Those two textures are indeed marble, and I was already thinking that they are too purplish blue. The strange thing is that this has only looked wrong since I made the rock a warmer grey than it was to start with. It's one of those curious things that happen when you start making lots of different greys to use together. They don't always look all that great unless you use the same kind of grey, or very closely related greys. In effect they are now a very dull mix of purple and orange together (the marbles and the rest of the stone stuff). No worries - it will look better when I'm done with it ;)
The grout on the flagstones is deliberately flat with equal shadow all around each stone. That is because if you give it a 3D effect the light has to come from a particular direction, so the floor looks odd if you align the fill to a different angle. We'll see how it goes.
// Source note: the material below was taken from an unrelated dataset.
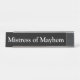 Una placa de identificación del escritorio para la "señora de la mutilación" en su lugar de trabajo.
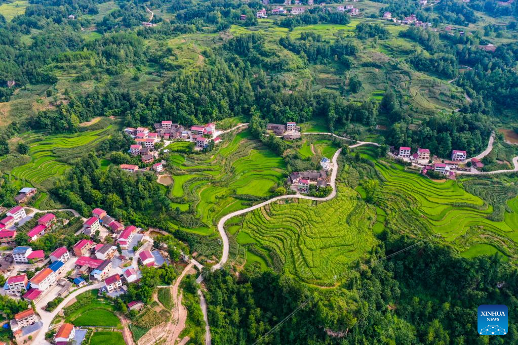Aerial photo taken on Aug. 2, 2022 shows a view of Bayi Village in Wanzhou District of southwest China's Chongqing. (Xinhua/Wang Quanchao)

There are other textures. I just didn't manage to get them all in shot. There's another surface dirt loam texture, green slime and the mud is there around the water's edge. There's not quite enough of it showing for you to see it properly. The textures in this shot seem to have been doubled up, even though I did a search for VH. I think it looked in a subfolder as well as the main fill folder.
There are two stone and two rock textures at the moment. I'm having to keep the number of variations down just a bit to compensate for the fact that these are some very large textures (as you can see from the info box on that rock texture - 3000 px square). That's so you don't get as much of the repeating pattern, but it does mean that every texture has to really carry its weight and be worth the expense on the cache memory in CC3. So it's best to start with just two of each thing and work from there ;)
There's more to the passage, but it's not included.